Великан Иеус (др. перевод) - Жорж Санд 3 стр.


Я чувствовал такую усталость, я так надорвался в этой бешеной борьбе, которая длилась всю ночь, что, упав в изнеможении на том месте, где стоял, я заснул таким глубоким сном и как-будто сам превратился в камень. Проснувшись, когда солнце было высоко и пекло, я подумал, что мне пригрезился ужасный сон и стал размышлять, доедая остаток своего хлеба и собирая черные ягоды, которые у нас зовутся медвежьим виноградом. Сон этот, если только то был сон, должен был иметь какое-нибудь значение для меня, но какое? Я искал в своем уме и ничего не находил. Одно, в чем я не сомневался, что великан мог являться мне, сколько ему было угодно, я никогда не почувствую к нему страха. Я ненавидел его за то зло, которое он причинил моему отцу, и меня не покидала мысль отмстить ему, унизить его насколько то было в моей власти.

При полном солнечном свете я убедился, что все вокруг меня было в том же положении, в каком мы оставили все это восемь лет тому назад: дом почти разрушен и негоден для житья, луг уничтожен грудою камней и песка, и нет никакой возможности извлечь из него пользу. Кроме того снег, покрывавший площадку Иеуса, от которою в прежнее время мы были защищены обрушившимся утесом, прошлою зимою спустился сюда. Вдоль скалы видна была вырытая падением великана широкая борозда, через которую массы снега скатывались на нашу площадку, что еще более увеличивало опустошение.

Несмотря на все эти разочарования, упорная мысль прожигала мой мозг. Я хотел снова овладеть моею собственностью и прогнать великана. Но как? Какими средствами? Я и сам не знал, но я решился это сделать.

Мечтая об этом, я собирал каменья и бросал их в кучу один на другой, пытаясь таким образом очистить лоскуточек земли хоть не больше того, где бы я мог поместиться сам. Я желал узнать, как глубоко засыпана была почва и может ли она возвратить свое прежнее плодородие. Я был удивлен, найдя траву очень густою в местах, где камни не лежали сплошной массою. Растительность представлялась даже слишком сильною, потому что трава сгнивала в сырости, так как не было стока для воды и она образовывала всюду лужи и затопи. Земля была влажна и рыхла, я мог запустить в нее глубоко мои руки и убедиться, что это все еще была хорошая земля, способная давать урожай, если бы можно было провести на ней правильные неглубокие канавы для стока воды.

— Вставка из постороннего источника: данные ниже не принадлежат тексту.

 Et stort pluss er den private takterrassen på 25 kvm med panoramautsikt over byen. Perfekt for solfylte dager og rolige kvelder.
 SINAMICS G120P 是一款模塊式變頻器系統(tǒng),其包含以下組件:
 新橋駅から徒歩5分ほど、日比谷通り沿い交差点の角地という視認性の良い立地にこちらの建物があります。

В час времени я очистил пространство около метра. Отдохнув с минуту, я снова принялся за работу с большим рвением. Под вечер я смерил свою работу, оказалось, что я очистил добрых шесть метров. Правда, на этом месте камни лежали не так плотно и были мелки.

— Все равно, — думал я, — кто знает, что я буду в состоянии сделать со временем?

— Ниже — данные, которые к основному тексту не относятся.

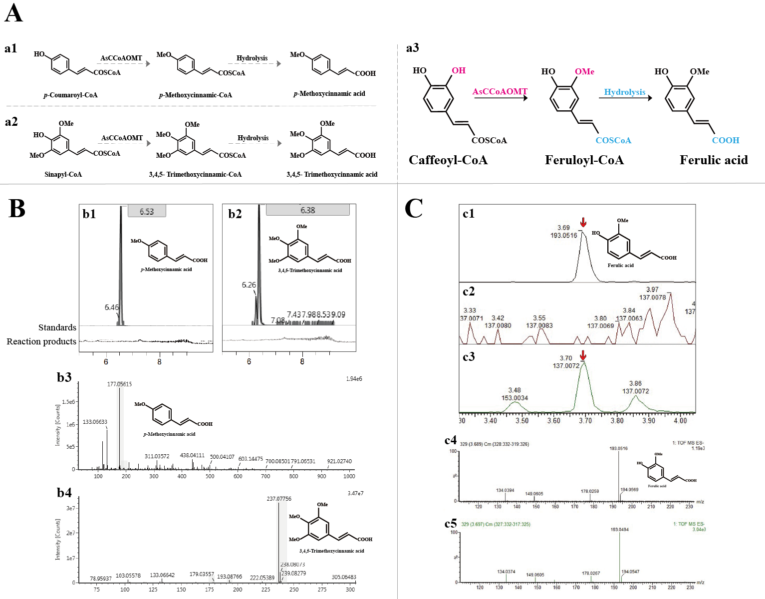 图1. AsCCoAOMT的体外酶活分析及底物特异性验证
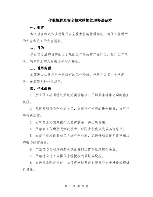 作业规程及安全技术措施管理办法范本一、引言本文旨在制定作业规程及安全技术措施管理办法,确保工作场所的安全和员工的安全意识。
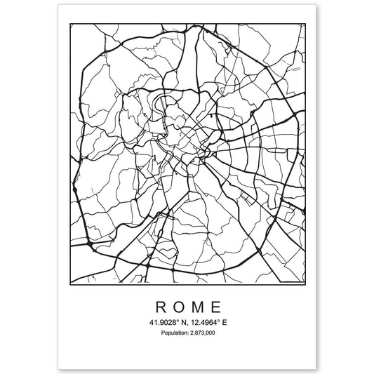 Lámina estilo nórdico de mapa de Roma en blanco y negro
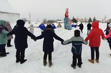 На площади районного Дома культуры с.Новошешминск, состоялось народное гуляние "Собирайся. народ, Масленица идет!" Милютина Полина и Хорькова Вера приняли участие в конкурсе "Символ Масленицы".
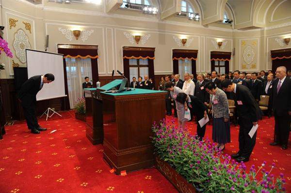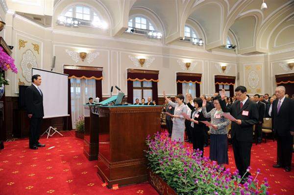 在唱國歌及向國旗、國父遺像及孔子畫像行三鞠躬禮後,先舉行宣誓儀式,宣誓人國立故宮博物院院長馮明珠、行政院衛生署副署長戴桂英、行政院經濟建設委員會副主任委員陳小紅及國家通訊傳播委員會副主任委員虞孝成等在總統監誓下宣讀誓詞。

Голод давал знать о себе, я спустился на площадку Мори, ту, которая находилась под нашей и была обитаема почти круглый год. Хижины, построенные на ней, переменили хозяев. Я не знал там никого и никто не знал меня, но у меня были деньги и хотя с меня ничего не спросили за ужин, я заговорил сам о плате, потому что никому не хотел быть в тягость, рассчитывая провести здесь несколько дней.

Старик Брада, хозяин этой площадки, был добрый и, добродушно приняв меня, удивился моей идее, тем более, что я остерегался ее высказывать в подробностях.

— Ты, стало быть, ищешь у нас работы? — сказал он. — К несчастью, дитя мое, у меня столько народу, сколько мне нужно, и я не могу нанять тебя.

— В эту минуту я не ищу работы, — сказал я, — она у меня есть, и я имею немного денег, чтобы ждать, но вы, может быть, принимаете меня за бродягу, который хочет спрятаться в горах с мыслью сделать или скрыть какую-нибудь глупость, а потому я вам скажу сейчас, кто я. Слыхали вы что-нибудь про Микелона?

— Да, это имя здесь известно, потому что площадка, которая над нами и которая, как я слышал, называлась в старину Зеленая, стала называться площадкой Микелона со времени несчастья, случившегося с этим бедняком. Я здесь всего четыре года и слышал это от других.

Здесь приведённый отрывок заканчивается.